Anything external to you will not make you happy. It is how you feel about yourself that creates happiness. When you love yourself and are at peace with who you are, with all the good and bad, all the perfection and imperfection, when you accept yourself where you are in the moment, you feel content and happy. The nurturing that you did not have as a child is something that you cannot recover, and you will not get from your mother no matter what you try or what you do. What you can do to heal that part of yourself is to learn how to nurture yourself in every aspect. When you learn to take care of your own emotional needs you stop seeking them from other people. Your relationships with others become more balanced, based on the balanced relationship you have with yourself.

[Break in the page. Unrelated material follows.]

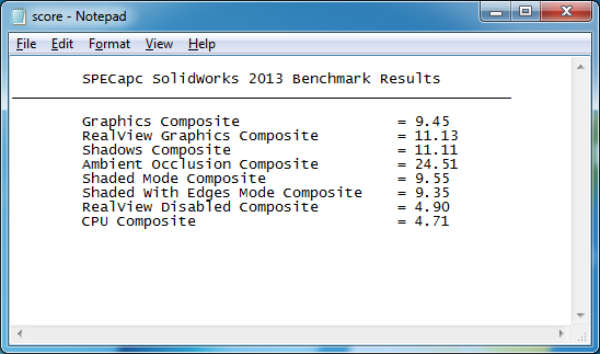 The benchmark generates individual scores for each test and computes composite scores for graphics and CPU performance. The reference system for computing the normalized ratio that produces a “bigger is better” score is a Dell Precision 690 with Xeon 5130 2GHz, AMD FirePro V3750 and 16GB RAM with 4x4GB ECC DDR2 667 MHz.

If you keep moving forward in this vein, all the beliefs that need to be changed will eventually enter into your consciousness to be healed and shifted. It is a byproduct of your increased self awareness and self honesty. Self honesty is only possible when you are willing to give up being right about anything other than who you are and what your true value is. If that is at all a gray area, then use this test: is what you are currently thinking making you feel good about yourself? Is it making you happy? If the answer is anything but a resounding yes, then it is time to let go of that belief. This is true fro all your beliefs, including the ones about your mother.